Mi risulta che i vostri studi siano stati intrapresi anche in collaborazione con altre istituzioni di ricerca nazionali ed estere?

È bene sottolineare che si tratta di approfonditi studi interdisciplinari condotti insieme ad istituzioni scientifiche nazionali, come l’Università del Salento, oltreché con colleghi californiani esperti di Xylella fastidiosa nonché con agronomi e tecnici del territorio pugliese. È proprio dai risultati convergenti e provenienti da diversi ambiti scientifici che è stato possibile verificare l’efficacia delle azioni proposte. Ad esempio, il primo lavoro del 2018 porta la firma di ben 21 autori.

Come si spiega, allora, questa reiterata indifferenza verso la cura?

Purtroppo, in Puglia, fin da subito è stato diffuso a tutti i livelli, con capillare e ripetuto accanimento, il dogma «Xylella non si cura». Il messaggio recepito da agricoltori, tecnici, politici e media locali e nazionali ha prodotto un abbandono degli oliveti da parte degli agricoltori e denigrazione verso tutti coloro che, in questi anni, si sono adoperati per cercare di convivere con il patogeno con tecniche di contenimento. Si è trattato di un vero e proprio negazionismo delle cure che ha provocato un corto circuito totale sull’argomento cure.
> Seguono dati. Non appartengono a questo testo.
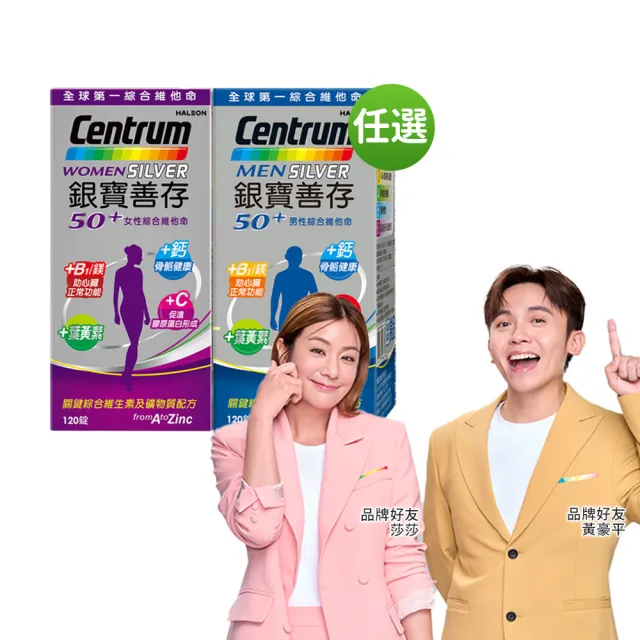 【銀寶善存】任選-50+男性/女性綜合維他命(120錠/盒-男女專屬配方 22種人體必需關鍵營養素 思緒清晰)
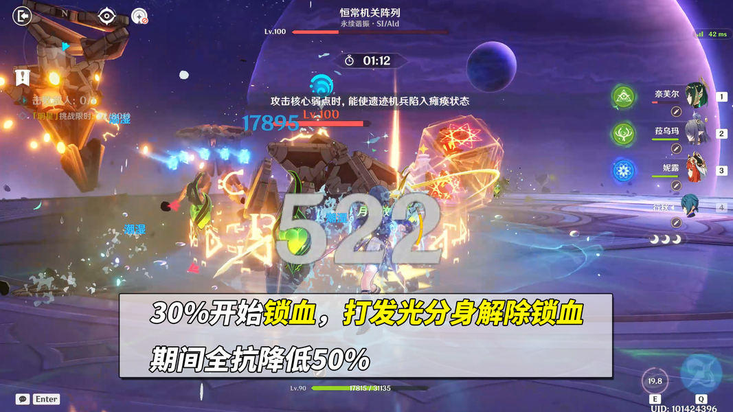 圣牌挑战二「恒常机关阵列」无特殊抗性。血量降低至于30%开始锁血,分裂召唤遗迹机兵,消灭被光带包围的特殊机兵,即可让BOSS解除锁血,并全抗降低50%。

L’utilizzo del caolino ha bisogno di autorizzazione per essere impiegato nei confronti della Sputacchina?

Il caolino è un presidio inerte utilizzabile in molte coltivazioni biologiche, incluso l’olivo e non necessita di autorizzazione.

Proprio ieri sui giornali è stato pubblicato un articolo dove si dice che il Salento «ritornerà verde tra 50 anni» e che solo 1.500 ettari riceveranno i sussidi per i reimpianti. Che ne pensa?

Questo è risultato del combinato tra abbandono degli oliveti e inadeguatezza degli strumenti attualmente a disposizione per fronteggiare l’epidemia. Dopo 8 anni dall’ufficializzazione della malattia e decine di milioni spesi, è molto poco. Se si fossero sostenute tutte le azioni di controllo e cura del batterio, come si fa in tutte la parti del mondo in casi di emergenze fitosanitarie, probabilmente avremmo potuto salvare molti ettari di territorio olivicolo.

È vero che Slow Food ha costituito delle comunità di agricoltori resilienti nei confronti di Xylella fastidiosa?

Esatto. Sono state costituite due comunità di agricoltori pugliesi che si stanno adoperando per proteggere il patrimonio olivicolo tradizionale salentino con protocolli di difesa verso Xylella ecosostenibili. Questi esempi testimoniano la validità e la possibilità di convivere con il batterio, al di là di quanto si afferma.